Woe to you, blind guides!

Jesus echoes Ezekiel, who warns prophets, teachers, pastors, mentors, counselors and guides against misguiding those who listen to them.

Because they lead my people astray saying, “Peace,” when there is no peace, and because, when a flimsy wall is built, they cover it with whitewash, tell those who whitewash the poorly built wall that it is going to fall. I will tear down the wall and level it to the ground so that its foundation will be laid bare. (Ezekiel 13)

Jesus condemns the Pharisees specifically. Earlier, Jesus  warns anyone who misleads children – better a millstone around their necks.

So not only do I want to understand when I am a “blind guide” but even more I want to open my eyes! With them closed, my blindness will lead me even sooner than others to the edge of the cliff, where I will certainly fall to my death without the guidance of God.

As Michael Weiser says in his personal introduction to his book The Unseen Realm, “I’ve always been interested in anything old and weird.” Well, me too! But reading apocryphal books from the earliest days of Christianity (like Ephrem the Syrian’s 4th century Cave of Treasures) means my truth-sensors need to be on alert. Emphasizing the mystical as much as the moral aspects of Christian life puts me in the company of some pretty weird folks from down the centuries, men and women who were often rejected by their peers because of their interest in “anything old and weird.” Catechists, who teach church-sanctioned truth, challenge theologians, who by definition search the edges of accepted truth for nuance and potential improvements, and most of us would prefer that catechists be our leaders. But what might we be missing?

My sheep hear my voice, says the Lord; I know them and they follow me.

When our own leaders hear voices, we sometimes lock them away if they say much about what they’re hearing. Jesus’ voice in my ears cannot be judged easily by someone with other ears. Jeremiah found himself at the bottom of a well when he spoke up about God’s word in his ears. And he was certainly not the only one persecuted or ignored when God’s word challenged established understanding.

But self-doubt, skepticism about absolutes, and a definite preference for questions rather than answers mark most explorers of the spirit world, which in the last analysis is the only world worth exploring for a lifetime. So that is why I’m looking forward to reading more of The Unseen Realm as our Empty Nesters Sunday School community explores “spiritual realities” for the next several months. I’d always rather be fascinated and tentative than bored and certain.

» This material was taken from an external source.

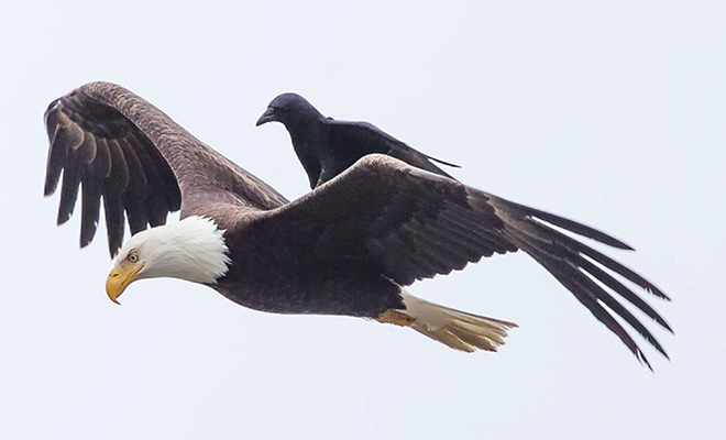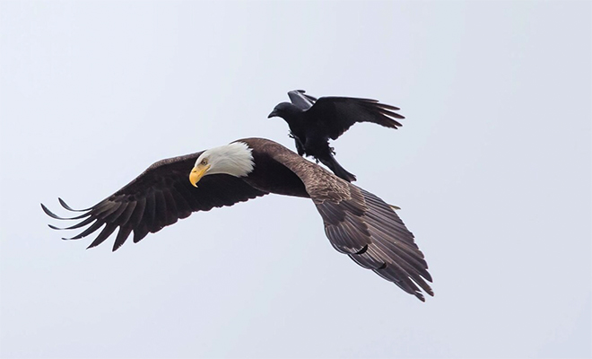 The crow seems to be more cunning than people think. And it turns out that birds can also get tired. The crow was tired of flapping its wings and actually decided to sit on the eagle’s back. And the interesting thing was that the eagle didn’t seem to be against all this. Fortunately, the photographer managed to capture all that. The video quickly spread on the Internet and had many views.

Let the faithful exult in glory;

    let them sing for joy upon their couches;

Let the high praises of God be in their throats.

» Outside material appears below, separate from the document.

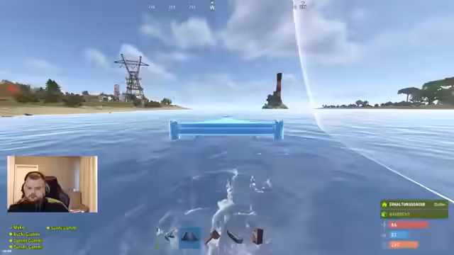 03:23:00Die Pläne ändern sich erneut. Das Team beschließt, mit einem Speedboot anzugreifen, um die gegnerische Basis vom Wasser her zu erreichen. Der Streamer positioniert sich am Ufer und fordert die Mitspieler auf, ruhig zu bleiben, um die Verteidiger nicht zu alarmieren.

    This is the glory of all his faithful. Alleluia.

I am sure David is thinking of faithfulness to God, not loyalty to idea or man or anything else limited by our own finitude. I remember The Searchers and its fictionalized history of Cynthia Ann Parker and the Comanches who abducted her after killing her family. After thirty years of life with the Comanches, Cynthia Ann no longer wanted to return to northeast Texas. She had chosen a different way of life. When her rescuers brought her home, she died only a few years later. (The Captured details a similar story, this time the story of Adolph Korn, a 10 year old from Mason, Texas.)

Who were the blind guides? How much searching must one do before truth rises out of the fog? Can I speak for anyone else? I’ve been raised in a culture that demands the right of everyone to have their own truth, but surely there is more to truth than that.

I think our God-given nature invites us to search all along the way, perhaps with less stopping and settling and instead more walking and searching, asking questions that sometimes open doors to new questions, and sometimes even to truths that insist on a hearing because they come from God.

Our good news did not come to you in word alone,

but also in power and in the Holy Spirit and with much conviction.

You know what sort of people we were among you for your sake.

In every place your faith in God has gone forth,

so that we have no need to say anything.

This journey can be lonely, but I know it is peopled along the way with other searchers, listening with ears to the ground for sounds of God that would escape notice otherwise. To me, that sounds like a good way to live.